Open ArbitraryCritter opened 2 years ago
@RasmusWernerLarsen I created an issue to migrate library we use. I am not sure how much work this refactoring would cost. Would you like to work on it, such that in the next step you can add the IPv6 TG feature?
I wonder if we need a flag or if we can detect it within our code if we have IPv4/6 addresses and create the right CF stack. What do you think?
@szuecs - I'll take a look, as you said it's hard to estimate how long it would take to migrate to goformation, but I'll see if I can find the time. I would love to help out, I really like the design of this ingress controller and I've been using it for a few years now.

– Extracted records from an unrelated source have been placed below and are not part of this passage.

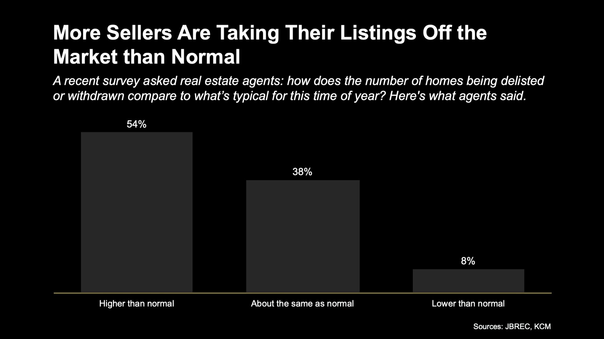 In a recent survey from John Burns Research and Consulting (JBREC) over half of agents (54%) say there are more homes being taken off the market than usual.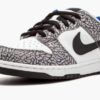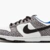 The Supreme x Nike SB Dunk Low ‘White/Cement’ is an all-time classic design from Supreme and Nike that was released in 2002. Looking to reenter the skateboarding footwear market back in the early aughts, Nike tapped into core skate shops with the lure of ultra-limited remakes of the classic Dunk model, a design that originated as a basketball shoe but eventually became popular for skateboarding. Supreme, of course, obliged, and put their spin on the silhouette by lovingly applying textured elephant print panels inspired by the iconic Air Jordan 3. A white premium leather base appears on the mid-panel with a black leather Swoosh on top. Both the perforated toe and ankle collar also use the soft white leather, as does the doubly-comfy padded tongue. Royal blue accenting appears on the inner liner while white embroidered Nike branding covers the heel. A durable white rubber midsole and a black outsole put the finishing touches on this amazing piece of footwear history.r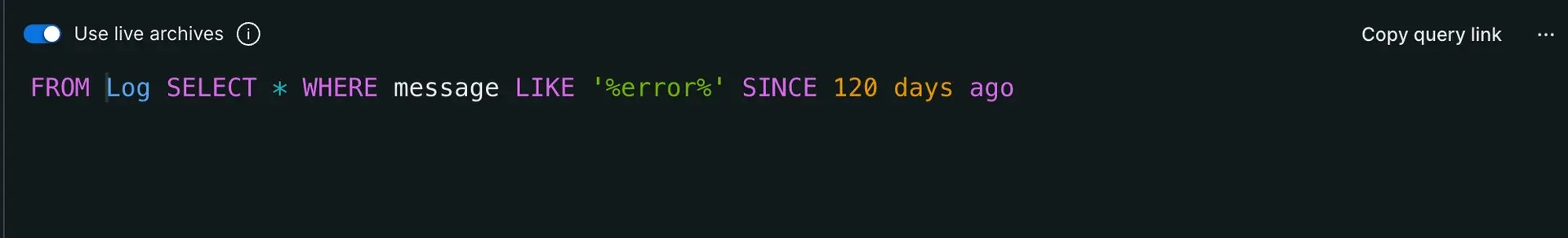 The live archives feature offers long-term log data storage that you intend to query sparingly for a lower storage cost. With live archives, you can have peace of mind knowing your logs are available for a longer period for potential audits or long-term debugging, but you will be charged separately for storage and querying your old data.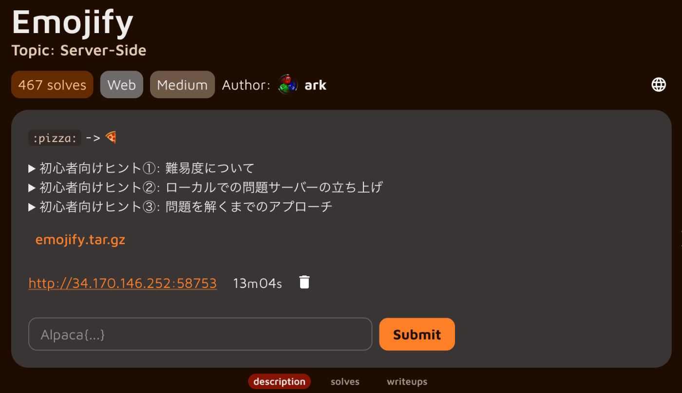 ただ、Alpacahack の共通ルールとして、攻撃した結果得られる機密情報を flag と呼び、その flag を入力することで正誤判定をする仕組み

As for detecting it, I think that might eventually be the right way, but for now I think it's better to have the user decide. I see too many backwards compatibility breakages for people with IPv6 enabled, but without security rules for IPv6.

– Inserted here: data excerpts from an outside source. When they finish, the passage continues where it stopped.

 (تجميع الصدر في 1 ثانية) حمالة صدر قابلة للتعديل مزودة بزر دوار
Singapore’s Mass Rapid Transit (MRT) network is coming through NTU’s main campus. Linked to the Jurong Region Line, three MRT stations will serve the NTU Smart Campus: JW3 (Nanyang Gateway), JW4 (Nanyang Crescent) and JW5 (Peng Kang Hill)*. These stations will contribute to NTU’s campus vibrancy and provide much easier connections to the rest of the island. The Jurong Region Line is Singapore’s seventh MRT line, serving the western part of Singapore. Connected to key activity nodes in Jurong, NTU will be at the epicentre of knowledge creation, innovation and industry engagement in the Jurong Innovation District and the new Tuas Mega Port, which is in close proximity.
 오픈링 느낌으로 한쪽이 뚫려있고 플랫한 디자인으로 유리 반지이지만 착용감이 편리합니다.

Also, the decision of which IP address to use has to be made when we create the target group, as the ip address type can only be set at creation (it's immutable), so you have to make that decision when you create the target group, which is create together with the ingress right now. From what little I've gleamed from the internals of the code, without some significant refactor, we won't know what IP address to set until we scan for the pods, which is done later in the process. We could ofcourse just create two target groups, one for IPv4 and one for IPv6, but that seems unnecessary to me.
Also, I believe everyone doing IPv6 only deployments on AWS right now are probably quite aware of the potential challenges, so having to set a flag will probably not be a significant barrier, whereas the backwards compatibility handling for unaware IPv6 users could be really unpleasant.
@RasmusWernerLarsen makes sense to me, so let's do the flag.
I've been working a bit with setting AWS EKS up in IPv6 only mode with the kube-ingress-aws-controller, combined with the new "--target-access-mode=AWSCNI" mode.
When I say IPv6 only deployment mode, that is not completely true, the nodes have a single IPv4 address but all internal services only have IPv6 and all external IPv4 traffic out of the cluster is NAT'ed to the node ip. Anyway, the problem with the controller is that there is currently an assumption that all target groups created will only get IPv4 targets, so I end up with an error like this.
level=error msg="unable to register instances [\"2a05:d018:1436:ff06:d7ad::a\" \"2a05:d018:1436:ff08:6caa::4\" \"2a05:d018:1436:ff08:6caa::5\"] in target group arn:aws:elasticloadbalancing:eu-west-1:411286365248:targetgroup/kube-ing-TG-8T26JSGSIFFR/06cd49c411a60939: ValidationError: The IP address '2a05:d018:1436:ff06:d7ad::a' is not a valid IPv4 address\n\tstatus code: 400, request id: 0a50cafd-8b94-40da-b6ce-c116dff991cd"
So everything works and this only fails at the AWS API invocation to register the endpoint, because the targetGroup needs to have the "ipAddressType" set to ipv6. (See: https://docs.aws.amazon.com/AWSCloudFormation/latest/UserGuide/aws-resource-elasticloadbalancingv2-targetgroup.html#cfn-elasticloadbalancingv2-targetgroup-ipaddresstype)
Now I actually did checkout the code and took a look at how to implement this. My approach for a solution was to add a --target-group-ip-address-type flag, that would default to "IPV4" but could be overridden to "IPV6" globally. Unfortunately I ran into the problem that the unmaintained "github.com/mweagle/go-cloudformation" that the controller uses, hasn't updated the resource definitions for the targetGroups. It was easy to work around by modifying it manually, but I'm guessing that's not a solution here.
Aside from that, the changes needed seem trivial and low-risk.